Download or read book Sound, Image, Silence written by Michael Gaudio and published by U of Minnesota Press. This book was released on 2019-11-26 with total page 234 pages. Available in PDF, EPUB and Kindle. Book excerpt: A visionary new approach to the Americas during the age of colonization, made by engaging with the aural aspects of supposedly “silent” images Colonial depictions of the North and South American landscape and its indigenous inhabitants fundamentally transformed the European imagination—but how did those images reach Europe, and how did they make their impact? In Sound, Image, Silence, noted art historian Michael Gaudio provides a groundbreaking examination of the colonial Americas by exploring the special role that aural imagination played in visible representations of the New World.
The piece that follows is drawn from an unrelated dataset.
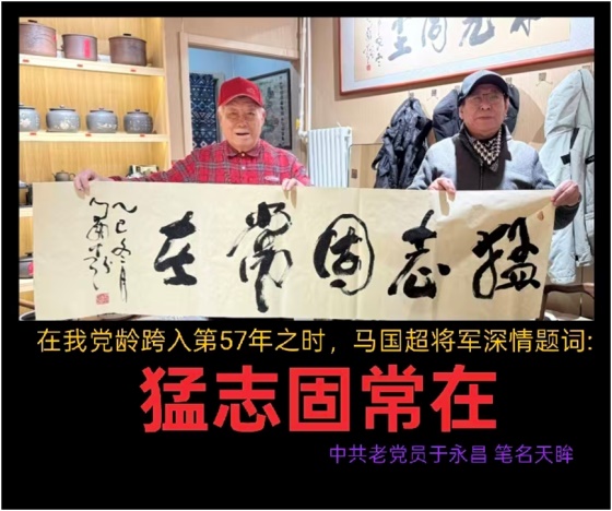 马将军今年八十有六,老骥伏枥,志在千里,烈士暮年,壮心不已。带领一支创作团队,在河北大平原上挖掘红色抗战题材,马将军不嫌我连县级作协会员也不是的一个民间文艺创作志愿者,纳为他团队的一员,他指我创作之方向,传我文艺为工农兵服务之传统,帮我修改提升剧本之升华,带我挖掘红色文化之源泉,教我打磨精品之经验。马将军的微信头像是“一马当先”,带动我朝前奔跑,他是“猛志固常在”的好榜样,今日他为我党龄跨进五十七年的题字,是传帮带,是鞭策,我铭记在心,学老将军人老党心未老,做一名猛志固常在的共产党员文艺老兵。
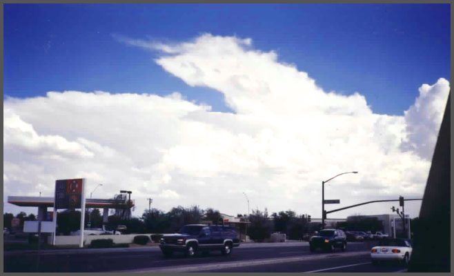 Puffy clouds are seen hanging in the sky a precursor to a summer storm. Your Mr.Wonderful, as a child, growing up in Phoenix, hoping to actually touch one, sometimes used to chase these clouds on his bicycle. I am still chasing clouds folks.

Considering a diverse body of images that cover four hundred years of Atlantic history, Sound, Image, Silence addresses an important need within art history: to give hearing its due as a sense that can inform our understanding of images. Gaudio locates the noise of the pagan dance, the discord of battle, the din of revivalist religion, and the sublime sounds of nature in the Americas, such as lightning, thunder, and the waterfall. He invites readers to listen to visual media that seem deceptively couched in silence, offering bold new ideas on how art historians can engage with sound in inherently “mute” media. Sound, Image, Silence includes readings of Brazilian landscapes by the Dutch painter Frans Post, a London portrait of Benjamin Franklin, Thomas Edison’s early Kinetoscope film Sioux Ghost Dance, and the work of Thomas Cole, founder of the Hudson River School of American landscape painting. It masterfully fuses a diversity of work across vast social, cultural, and spatial distances, giving us both a new way of understanding sound in art and a powerful new vision of the New World.

Women's Writing in the British Atlantic World

Download Women's Writing in the British Atlantic World PDF Online Free

Author :
Publisher : Cambridge University Press
ISBN 13 : 9781107405912
Total Pages : 0 pages
Book Rating : 4.4/5 (59 download)

DOWNLOAD NOW!


Book Synopsis Women's Writing in the British Atlantic World by : Kate Chedgzoy

Download or read book Women's Writing in the British Atlantic World written by Kate Chedgzoy and published by Cambridge University Press. This book was released on 2012-07-26 with total page 0 pages. Available in PDF, EPUB and Kindle. Book excerpt: In this 2007 book, Kate Chedgzoy explores the ways in which women writers of the early modern British Atlantic world imagined, visited, created and haunted textual sites of memory. Asking how women's writing from all parts of the British Isles and Britain's Atlantic colonies employed the resources of memory to make sense of the changes that were refashioning that world, the book suggests that memory is itself the textual site where the domestic echoes of national crisis can most insistently be heard. Offering readings of the work of poets who contributed to the oral traditions of Wales, Scotland and Ireland, and analysing poetry, fiction and life-writings by well-known and less familiar writers such as Hester Pulter, Lucy Hutchinson and Aphra Behn, this book explores how women's writing of memory gave expression to the everyday, intimate consequences of the major geopolitical changes that took place in the British Atlantic world in the seventeenth century.